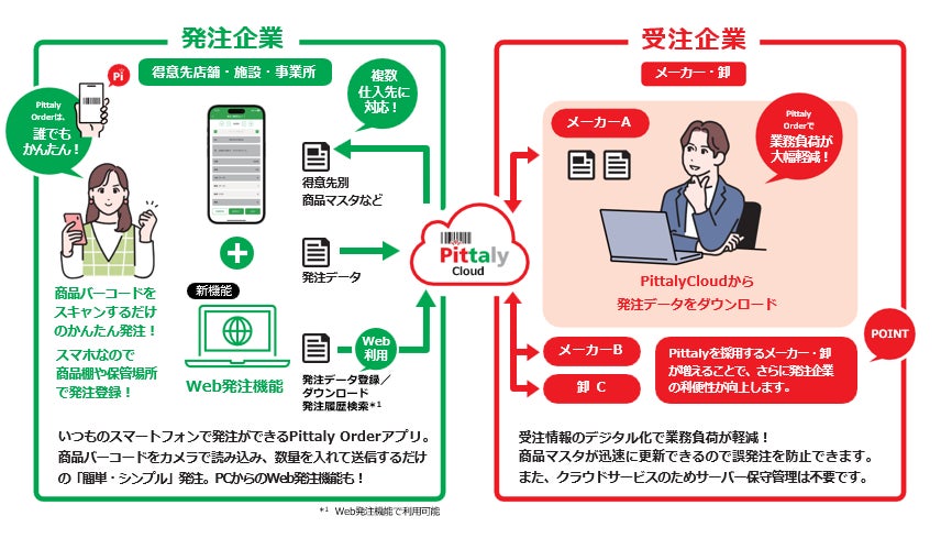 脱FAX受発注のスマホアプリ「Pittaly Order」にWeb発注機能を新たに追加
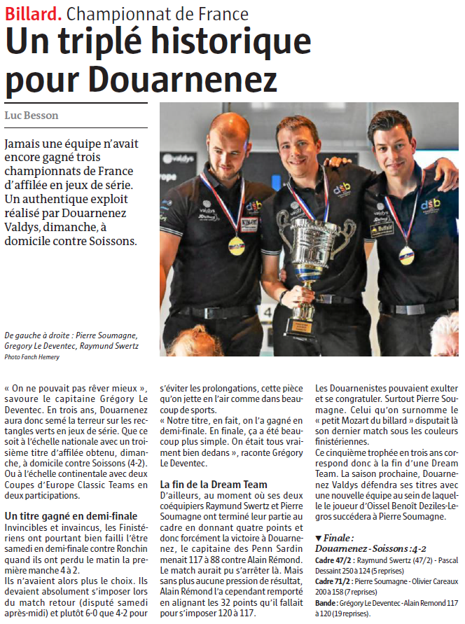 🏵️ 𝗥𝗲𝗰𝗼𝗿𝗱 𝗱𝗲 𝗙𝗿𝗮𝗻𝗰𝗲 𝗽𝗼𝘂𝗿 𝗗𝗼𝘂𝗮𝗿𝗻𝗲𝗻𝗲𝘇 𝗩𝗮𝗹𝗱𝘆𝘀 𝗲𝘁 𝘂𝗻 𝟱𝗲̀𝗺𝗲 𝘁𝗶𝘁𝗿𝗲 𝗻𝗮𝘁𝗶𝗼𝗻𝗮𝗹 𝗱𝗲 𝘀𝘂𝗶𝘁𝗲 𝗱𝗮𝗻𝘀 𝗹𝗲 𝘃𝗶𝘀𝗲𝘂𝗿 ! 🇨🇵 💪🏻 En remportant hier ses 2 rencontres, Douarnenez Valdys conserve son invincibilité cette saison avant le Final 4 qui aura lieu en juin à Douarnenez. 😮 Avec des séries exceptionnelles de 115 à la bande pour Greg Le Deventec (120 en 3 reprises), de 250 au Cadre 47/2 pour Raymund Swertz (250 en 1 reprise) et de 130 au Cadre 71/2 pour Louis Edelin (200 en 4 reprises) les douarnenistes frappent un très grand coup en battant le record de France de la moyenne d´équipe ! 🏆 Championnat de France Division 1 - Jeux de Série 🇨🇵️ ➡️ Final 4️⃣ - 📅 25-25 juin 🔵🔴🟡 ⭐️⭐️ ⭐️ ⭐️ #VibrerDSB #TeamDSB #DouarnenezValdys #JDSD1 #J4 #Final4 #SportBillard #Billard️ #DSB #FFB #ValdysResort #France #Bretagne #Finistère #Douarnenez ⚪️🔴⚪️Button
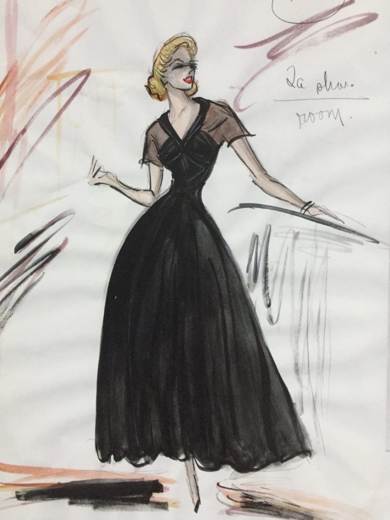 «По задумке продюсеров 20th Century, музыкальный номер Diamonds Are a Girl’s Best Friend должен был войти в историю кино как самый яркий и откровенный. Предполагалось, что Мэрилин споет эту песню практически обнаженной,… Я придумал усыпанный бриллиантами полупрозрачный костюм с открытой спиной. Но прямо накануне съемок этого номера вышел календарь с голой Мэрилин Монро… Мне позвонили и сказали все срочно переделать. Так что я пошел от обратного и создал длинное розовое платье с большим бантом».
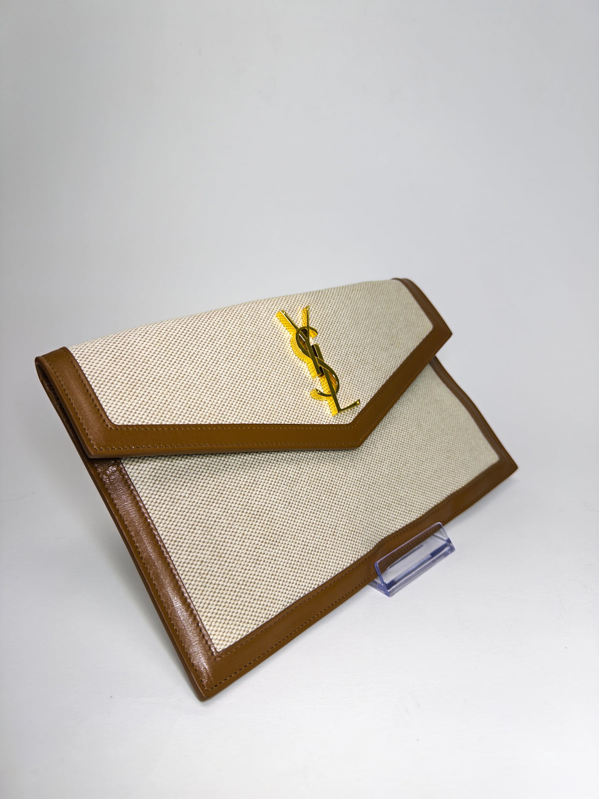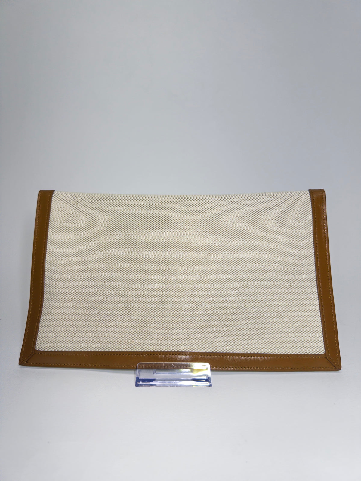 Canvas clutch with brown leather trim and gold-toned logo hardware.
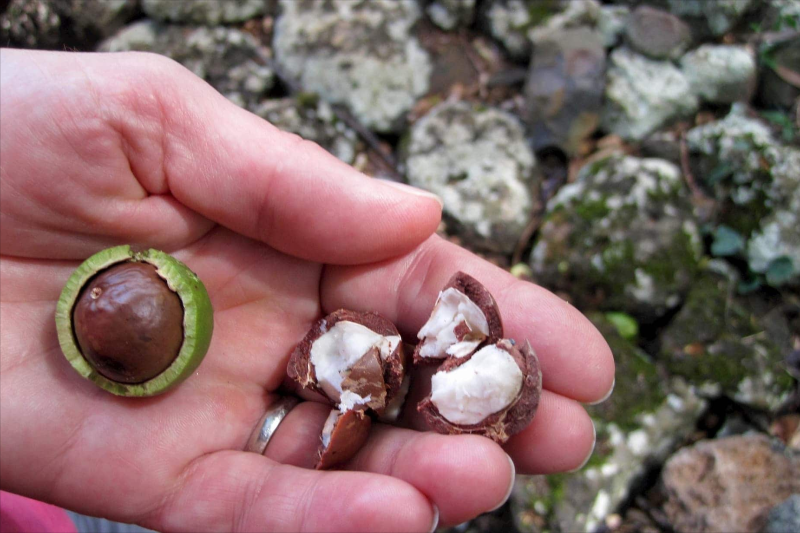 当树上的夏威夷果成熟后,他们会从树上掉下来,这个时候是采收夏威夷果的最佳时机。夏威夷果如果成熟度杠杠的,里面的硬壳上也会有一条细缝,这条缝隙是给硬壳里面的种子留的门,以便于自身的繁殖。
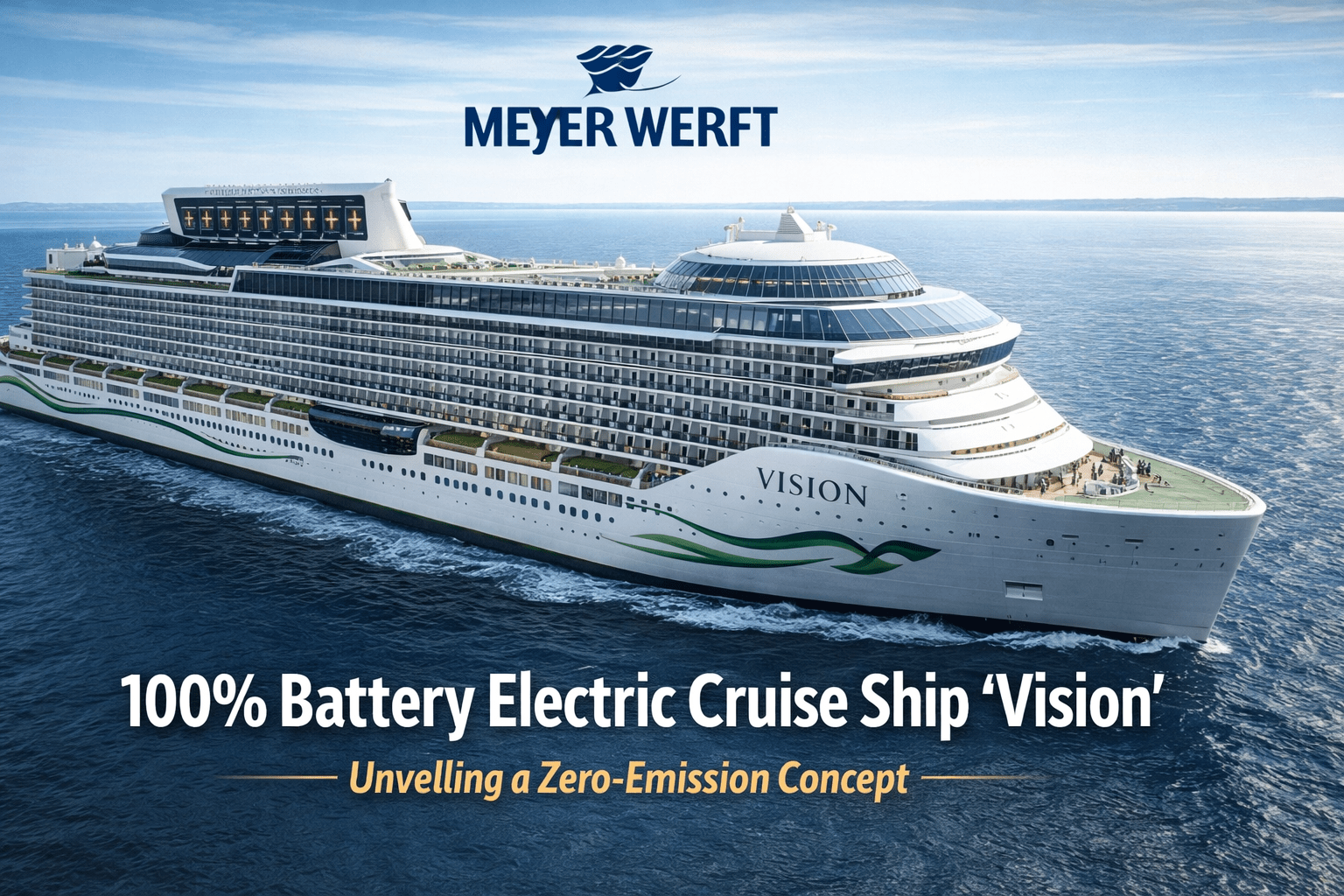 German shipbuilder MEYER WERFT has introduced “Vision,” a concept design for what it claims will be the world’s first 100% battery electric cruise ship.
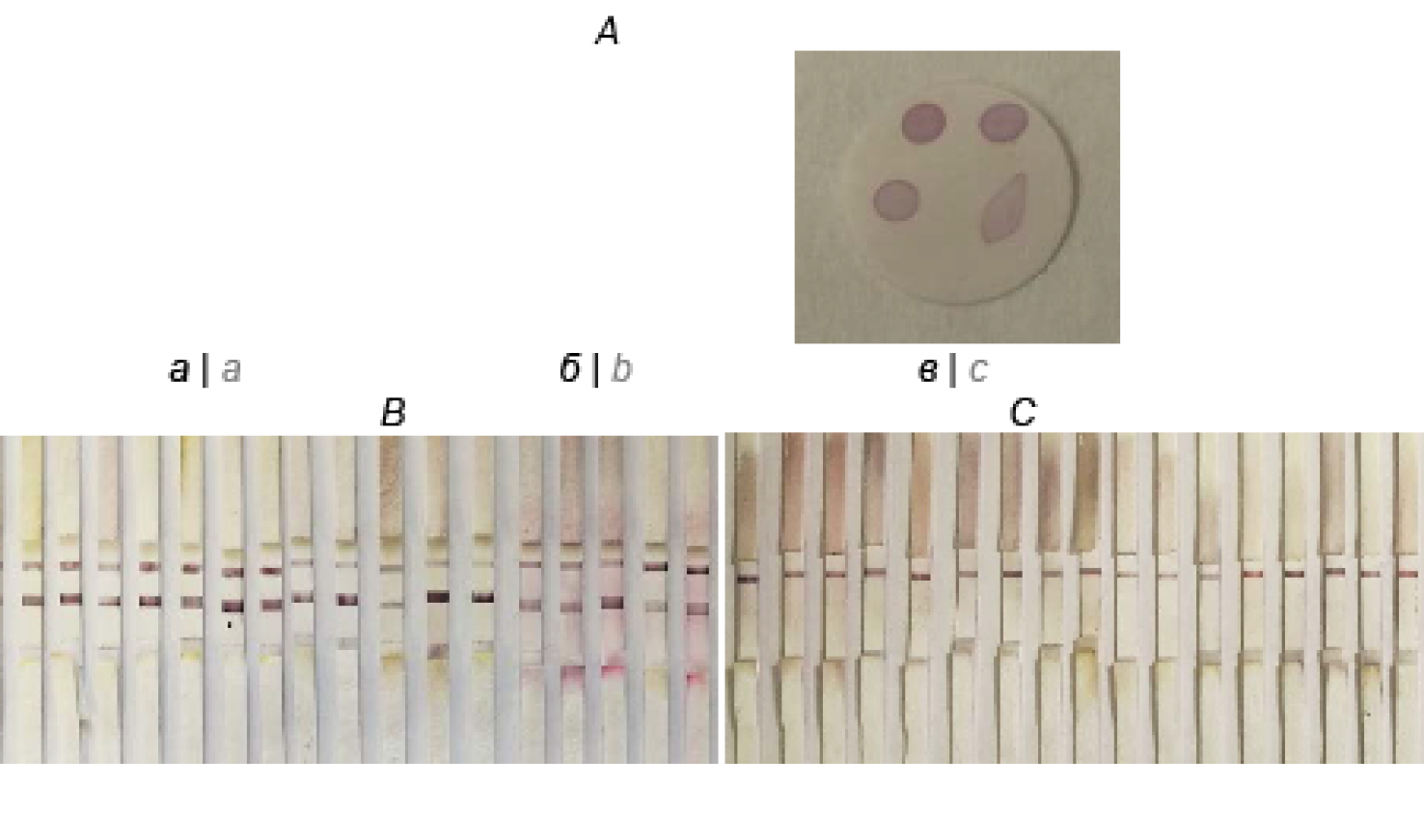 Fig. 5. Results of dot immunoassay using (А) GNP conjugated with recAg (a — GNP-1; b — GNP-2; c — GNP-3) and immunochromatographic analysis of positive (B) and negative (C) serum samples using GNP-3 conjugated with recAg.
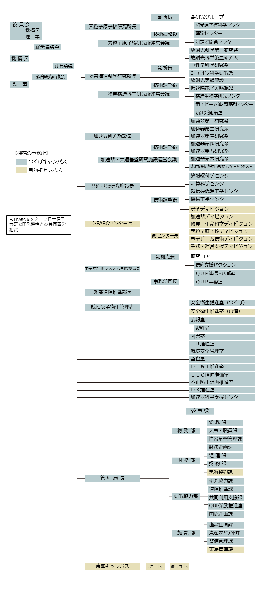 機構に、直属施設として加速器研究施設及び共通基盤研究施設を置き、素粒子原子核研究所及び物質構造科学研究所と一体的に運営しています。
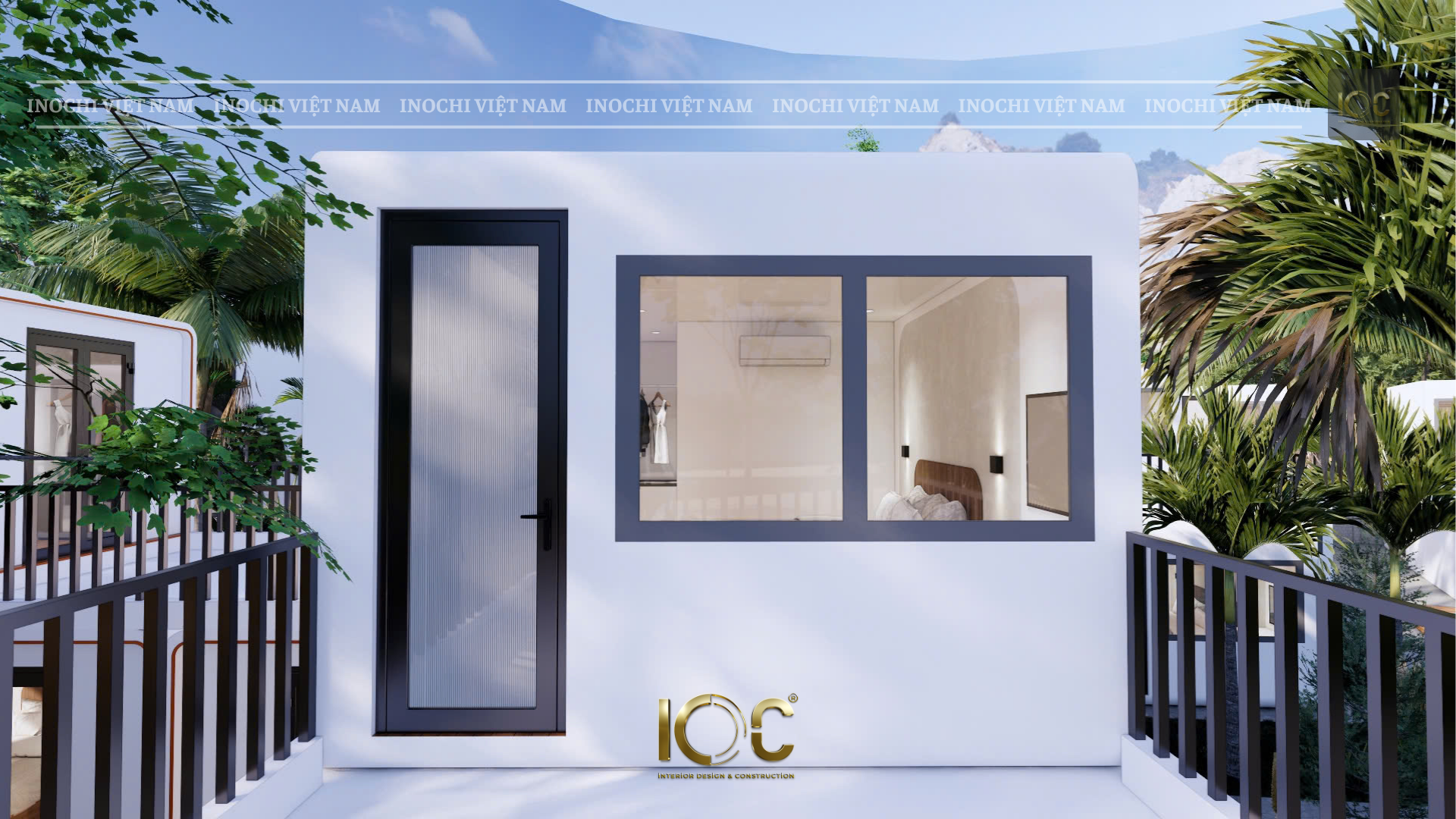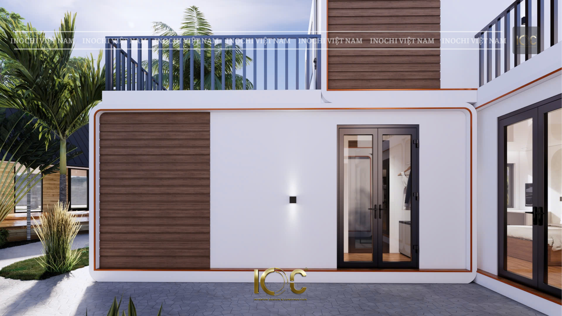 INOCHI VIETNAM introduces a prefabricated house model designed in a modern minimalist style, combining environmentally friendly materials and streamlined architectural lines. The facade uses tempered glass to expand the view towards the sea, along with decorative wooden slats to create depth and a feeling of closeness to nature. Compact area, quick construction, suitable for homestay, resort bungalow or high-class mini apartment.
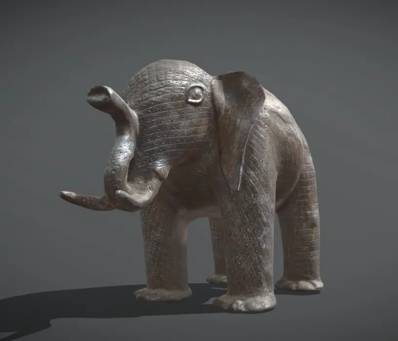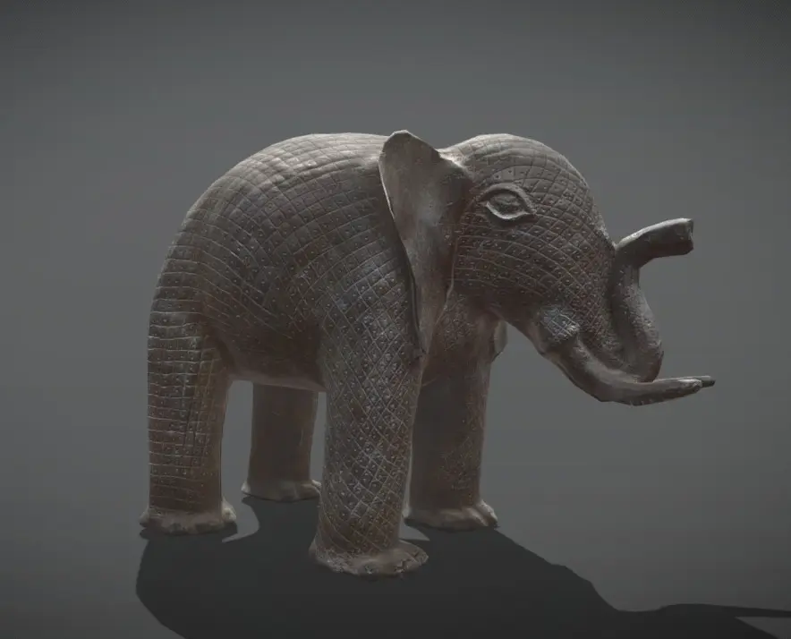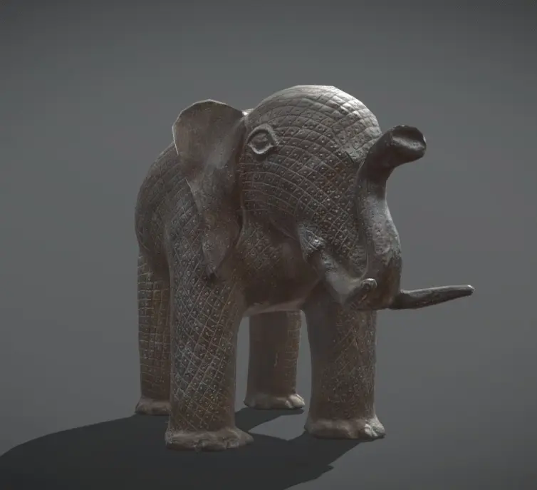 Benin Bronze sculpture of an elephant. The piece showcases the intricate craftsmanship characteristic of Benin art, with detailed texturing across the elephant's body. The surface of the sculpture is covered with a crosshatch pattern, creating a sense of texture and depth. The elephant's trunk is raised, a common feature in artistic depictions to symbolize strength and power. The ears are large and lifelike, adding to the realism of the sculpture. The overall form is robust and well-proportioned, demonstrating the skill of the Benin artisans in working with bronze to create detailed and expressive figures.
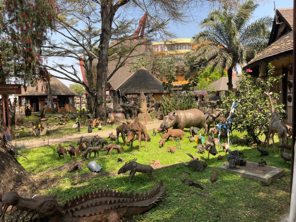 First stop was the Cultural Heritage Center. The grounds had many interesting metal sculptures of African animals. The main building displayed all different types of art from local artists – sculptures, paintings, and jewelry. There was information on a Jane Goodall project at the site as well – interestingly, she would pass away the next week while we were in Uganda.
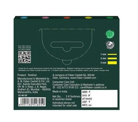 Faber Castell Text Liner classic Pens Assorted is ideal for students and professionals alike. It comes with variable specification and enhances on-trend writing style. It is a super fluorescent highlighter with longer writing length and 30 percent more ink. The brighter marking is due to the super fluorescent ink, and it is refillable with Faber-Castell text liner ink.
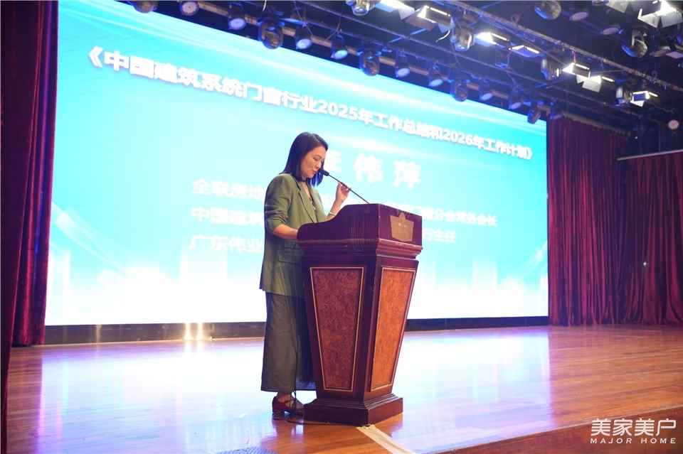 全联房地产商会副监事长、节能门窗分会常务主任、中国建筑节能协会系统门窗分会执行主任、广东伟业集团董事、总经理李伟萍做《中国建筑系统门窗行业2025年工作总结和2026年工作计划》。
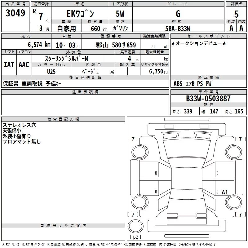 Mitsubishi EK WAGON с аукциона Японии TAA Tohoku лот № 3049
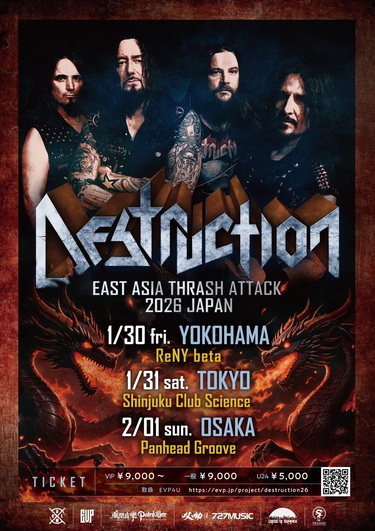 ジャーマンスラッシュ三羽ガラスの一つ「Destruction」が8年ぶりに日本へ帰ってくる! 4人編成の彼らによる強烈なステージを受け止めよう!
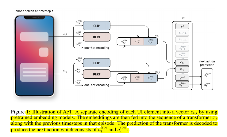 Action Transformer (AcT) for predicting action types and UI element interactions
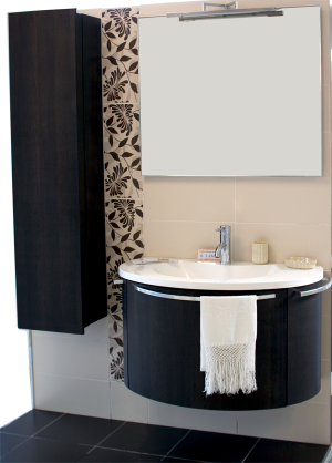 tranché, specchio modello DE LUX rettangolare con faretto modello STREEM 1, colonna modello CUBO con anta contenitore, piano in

|---|

> Assigned task
Nothing but the lines from the one that contains "ジャーマンスラッシュ三羽ガラ" through the end of the material above is to be reproduced, exactly and without pictures.

> Exercise solution
 ジャーマンスラッシュ三羽ガラスの一つ「Destruction」が8年ぶりに日本へ帰ってくる! 4人編成の彼らによる強烈なステージを受け止めよう!
 Action Transformer (AcT) for predicting action types and UI element interactions
 tranché, specchio modello DE LUX rettangolare con faretto modello STREEM 1, colonna modello CUBO con anta contenitore, piano in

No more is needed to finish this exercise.